For four decades the Japanese economy secured more than its fair share of coverage in the financial press. Dominating the economic headlines were the manufacturing and export expansion of the 60’s and 70’s and the phenomenal market rally that took the Nikkei to almost 40,000 during the 80’s. Thereafter commentators focused on the lost decade of the 90’s caused by the property market crash, bank balance sheet shrinkage and the death of Japanese equity wealth by a thousand cuts.

This decade has seen the rise of China’s economic profile, with the PRC now destined to replace Japan as the world’s second largest economy. Such is the dominance of Chinese related articles it’s easy to forget Japan is still an economic goliath, albeit in relative decline. And the cause of that decline can be summed up in one word; deflation.
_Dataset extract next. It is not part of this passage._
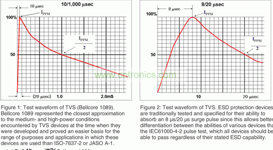 圖1:TVS的測(cè)試波形(Bellcore 1089) 圖2:TVS的波形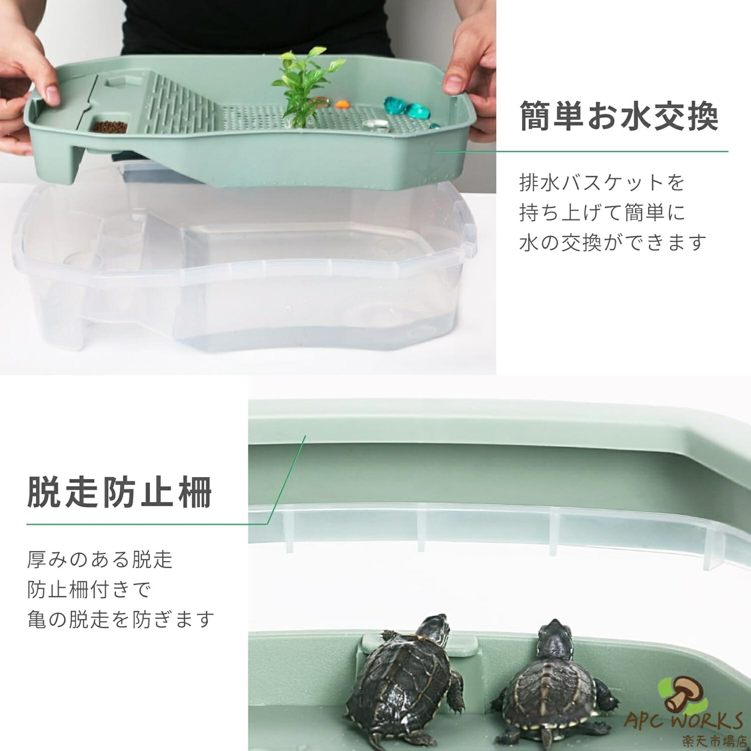 亀水槽 爬虫類 カメの水族館 カメ用水槽 亀の水槽 飼育ケース 飼育区域あり 大きい ボックス カメ槽 滑り止め 休憩プラットフォーム 脱出防止 亀の楽園 両生類用品 日向ぼっこ台 ミドリガメ 水族館

There’s something deeply embedded in the Japanese economy and psyche of Japanese businesses and consumers that has caused deflation to be a secular and persistent challenge for the Bank of Japan for the past 20 years. The problem with deflation is that it maintains the real value and burden of debt, whereas a healthy rate of inflation, 2-3%, over the years gently erodes the real economic cost of borrowed capital. It is inflation that has given the western economies the luxury of consuming more in the present, with debt in nominal terms eroded by the passage of time. Deflation throws another spanner in the works of economic growth. Why buy a new car, or new machinery, in fact why buy anything today that will be cheaper in a few months? The result is structurally weak demand, an interest rate so low it’s barely visible to the naked eye and a flight of capital to higher yielding currencies (the New Zealand and Australian dollars have been a favoured destination for retail and institutional investors for years). Deflation is a nasty poke in the eye for demand, capital investment and growth.
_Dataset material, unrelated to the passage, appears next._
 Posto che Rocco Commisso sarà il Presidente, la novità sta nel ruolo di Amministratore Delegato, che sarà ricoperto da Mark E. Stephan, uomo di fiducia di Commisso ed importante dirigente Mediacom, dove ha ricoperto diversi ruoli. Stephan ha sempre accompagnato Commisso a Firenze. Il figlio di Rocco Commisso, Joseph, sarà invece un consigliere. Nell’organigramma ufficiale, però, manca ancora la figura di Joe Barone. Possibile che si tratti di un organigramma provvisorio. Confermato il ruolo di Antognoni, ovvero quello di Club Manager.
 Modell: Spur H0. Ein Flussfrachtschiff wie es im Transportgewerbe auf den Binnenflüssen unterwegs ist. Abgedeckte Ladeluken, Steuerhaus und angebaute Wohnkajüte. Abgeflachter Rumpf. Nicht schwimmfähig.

In fact Japanese interest rates have been so low for so long, the Yen has been systematically sold (shorted) not just by Japanese investors but by a legion of hedge fund managers for years with the proceeds placed just about anywhere that offered a higher return. Admittedly that carry-trade, along with most risk embracing investment strategies, grew to bubble proportions and burst in 2008 but with investors embracing risk again, greed replacing fear, that transaction (short Yen, long anything else that moves) is likely to re-surface.

Investors unsure about the viability of continued Japanese deflation, preferring to focus on the unprecedented global stimulus measures, that should be inflationary, should look closely at the latest Japanese consumer prices data. Prices fell 1.7% in the year to June, prolonging the sequence of deflationary months (year-on-year) to four in row. The main contributor to the decline in prices is energy, with oil settling into $60-$70 channel compared to last years roller-coaster ride to $147.
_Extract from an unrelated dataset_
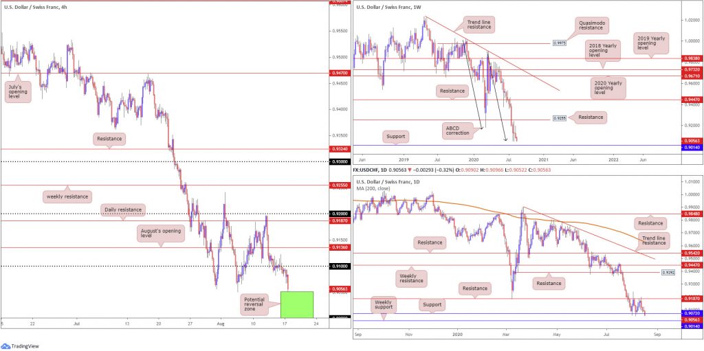 Leaving 0.91 unchallenged on the H4 timeframe and defeating daily support at 0.9072, the candles now trade within striking distance of an interesting area of support established between 0.90/0.9051 (green), formed by way of the 0.90 key figure on the H4 timeframe, weekly ABCD support at 0.9051 (black arrows) and weekly support coming in from 0.9014.

Investors could suggest that the global economic recovery could re-inflate energy and commodity prices, prompting inflation and thus curing the Japanese “I’ll buy it later when it’s cheaper” philosophy. Unfortunately, higher energy costs are paramount to poking the Japanese economy in the other eye. Japanese energy imports can peak to 97% of its oil and 96% of its gas needs. Japan is similarly deficient in other key energy and mineral related commodities. Higher energy and commodity prices just leave Japanese consumers with less to spend on domestic goods, further hurting demand.